Organic compounds -- part of the class 532-570 series – Organic compounds – Oxygen containing
Reexamination Certificate
2001-04-20
2002-09-10
Keys, Rosalynd (Department: 1626)
Organic compounds -- part of the class 532-570 series
Organic compounds
Oxygen containing
C568S588000, C568S648000, C568S649000, C556S482000
Reexamination Certificate
active
06448449
ABSTRACT:
BACKGROUND OF THE INVENTION
1. Field of the Invention
The present invention relates to a process for the preparation of an (R)-1-(aryloxy)propan-2-ol from an (R)-1-aryloxy-2-trialkylsiloxypropane with high regioselectivity and enantioselectivity. More particularly, the present invention relates to a process for the preparation of (R)-1-(2,3-difluoro-6-nitrophenoxy)-propan-2-ol from (R)-1-(2,3-difluoro-6-nitrophenoxy)-2-trimethylsiloxypropane. The (R)-1-(2,3-difluoro-6-nitrophenoxy)propan-2-ol is useful as an intermediate in the synthesis of Levofloxacin antibiotic.
2. Description of the Prior Art
U.S. Pat. No. 5,665,890 to Jacobsen et al. describes a stereoselective chemical synthesis by the reaction of a nucleophile and a chiral or prochiral cyclic substrate, such as an epoxide, in the presence of a non-racemic chiral catalyst.
U.S. Pat. No. 5,929,232, also to Jacobsen et al., describes a kinetic resolution of a cyclic substrate, such as an epoxide, in the presence of a non-racemic chiral catalyst.
U.S. Pat. Nos. 5,663,393 and 5,637,739, both to Jacobsen et al., describe catalysts that are useful in the above stereoselective chemical syntheses and kinetic resolution reactions.
The contents of U.S. Pat.
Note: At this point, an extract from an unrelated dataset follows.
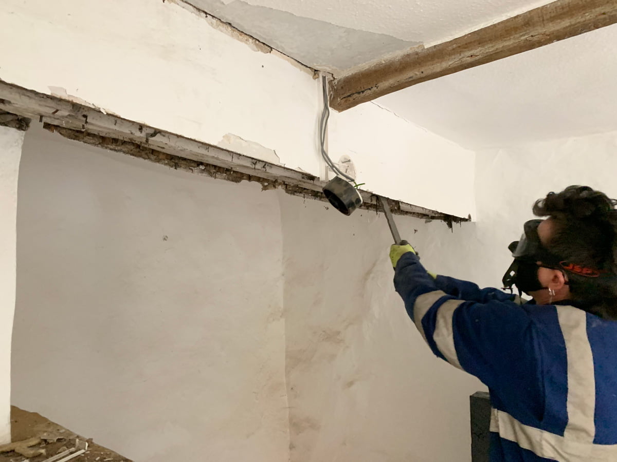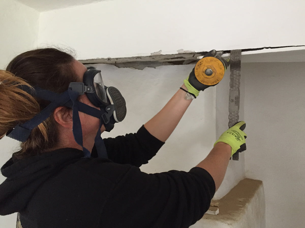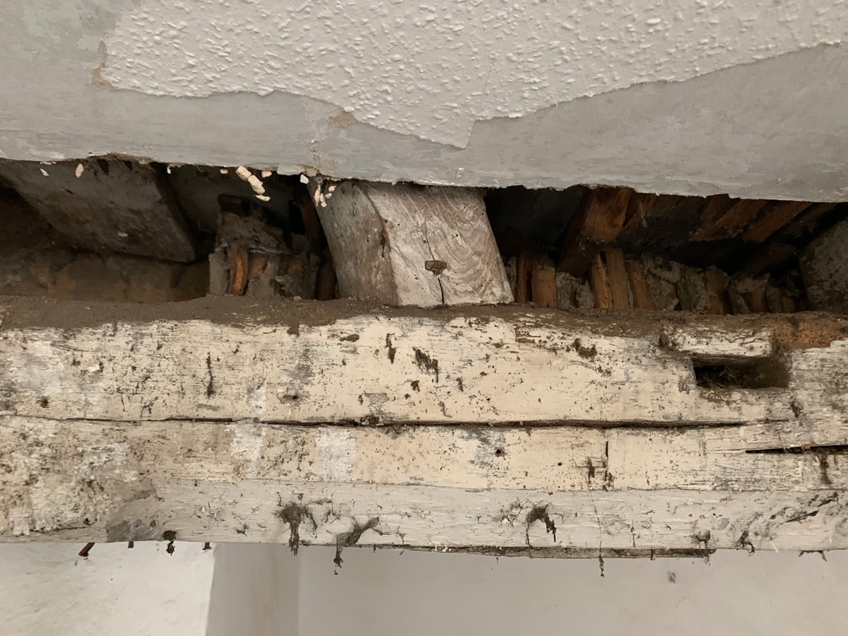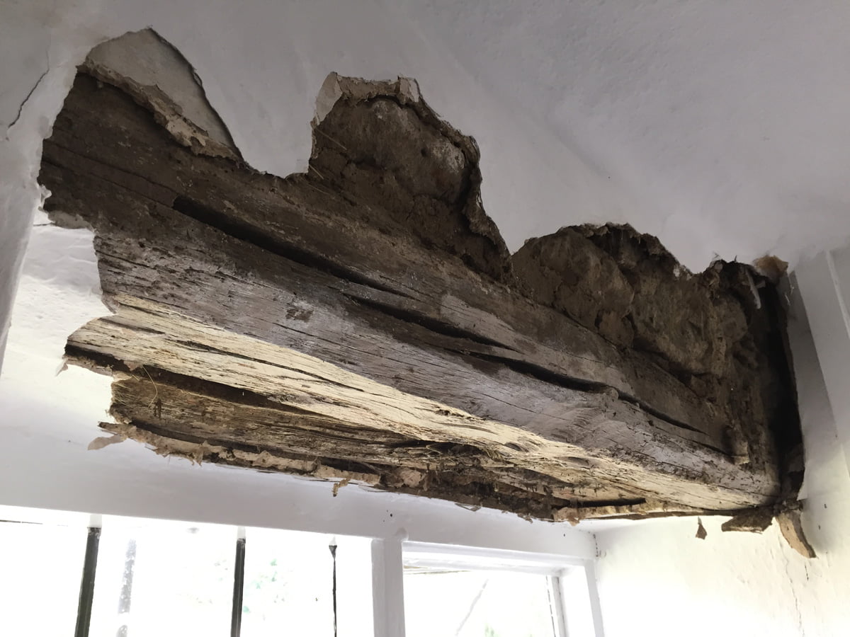 The purpose is to make even more holes in the walls, to uncover any timbers and lintels above windows and doors. We knew there was a big beam at the top of the stairs as we had already made a hole (it had been boxed in many years ago), but we didn’t know how much of a beautiful timber it would be.

Nos. 5,665,890, 5,929,232, 5,663,393 and 5,637,739, all to Jacobsen et al., are incorporated herein by reference in their entirety.
JP 10-77934 to Asahi Glass is directed to the preparation of a 1-aryloxy-2-propanol derivative.
The ring opening of epoxides with phenols has also been mentioned by Annis and Jacobsen,
J. Am. Chem. Soc.,
121, 4147-4154 (1999) and by Ready and Jacobsen,
J. Am. Chem. Soc.,
121, 6086-6087 (1999).
None of the above references disclose the preparation of (R)-1-(aryloxy)-2-trialkylsiloxypropane, such as, (R)-1-(2,3-difluoro-6-nitrophenoxy)-2-trimethylsiloxypropane, and its subsequent conversion to the corresponding (R)-1-(aryloxy)propan-2-ol, such as the (R)-1-(2,3-difluoro-6-nitrophenoxy)propan-2-ol, which is useful as an intermediate in the synthesis of Levofloxacin.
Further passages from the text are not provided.